Store and Validate Hashed Password

1. “用户名+密码”认证简介
2. 防止“彩虹表攻击”：计算 hash 前加 salt
3. 防止“哈希长度扩展攻击”：不要使用 hash(salt || password) 方式，请使用 HMAC
- 3.1. Keyed-Hash Message Authentication Code (HMAC)
  - 3.1.1. HMAC 实例（openssl, Java）
4. 让暴力破解更慢：使用"Slow Hash Function"
5. 总结：如何保存和验证密码
6. Unix crypt function
- 6.1. Modular Crypt Format

1. “用户名+密码”认证简介

采用“用户名+密码”这种登录方式的系统如何实现认证呢？

最原始的方法是用户注册后，系统把用户的密码保存到数据库（或文件）中；当用户登录时，把用户的输入密码和之前系统中保存的密码对比，两者相同就通过认证，不同就拒绝认证。这种办法的缺点在于，如果攻击者得到了保存用户密码的数据库，则用户密码就直接被攻击者获取了。显然，直接明文保存用户密码的作法是非常不安全的。

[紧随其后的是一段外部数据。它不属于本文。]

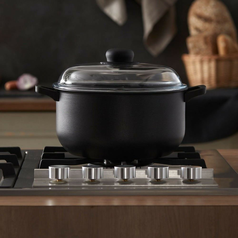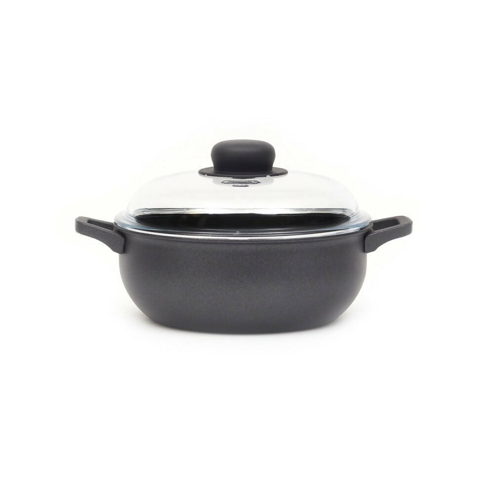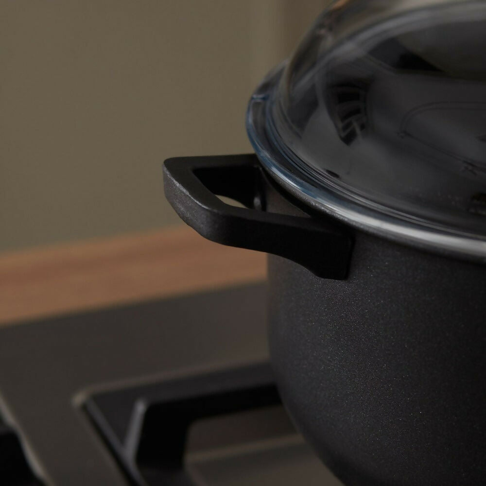 Olla c/tapa cristal templado, cuerpo y asas de aluminio forjado, full inducción base de acero inoxidable 0.6mm de espesor, antiadherente  ecológico (libre de PFOA y PTFE) marca Alemana Greblón fabricado en Portugal Comunidad Europea

一种容易想到的改进思路是：不直接保存用户密码，而是保存用户密码的 hash 值（比如说密码对应的 MD5 值）。当用户登录时，把用户的输入密码进行相同的 hash 运算后得到 hash 值后与数据库中保存的 hash 值对比，两者相同就通过认证，不同就拒绝认证。这样，就算攻击者得到了保存用户密码 hash 值的数据库，他也无法通过 hash 值反推出用户的密码。但是，这种方法也是不安全的。一般来说，用户密码不会设置得太长，假设用户的密码是不超过 8 位的数字或字母，攻击者可以把不超过 8 位的数字或字母的所有可能组合提前计算出 hash 值保存到一个表中（称为 Rainbow Table，即“彩虹表”），这样攻击者得到保存用户密码 hash 值的数据库后，就可以直接查询彩虹表，从而得到用户的真正密码。

2. 防止“彩虹表攻击”：计算 hash 前加 salt

为了防止使用“彩虹表”批量破解哈希值，我们可以采用对密码加盐 salt（一个随机字符串）后再计算 hash 值的方式。具体过程如下所述（注：下面的介绍仅是原理性的，不要直接拿来用到生产系统中）。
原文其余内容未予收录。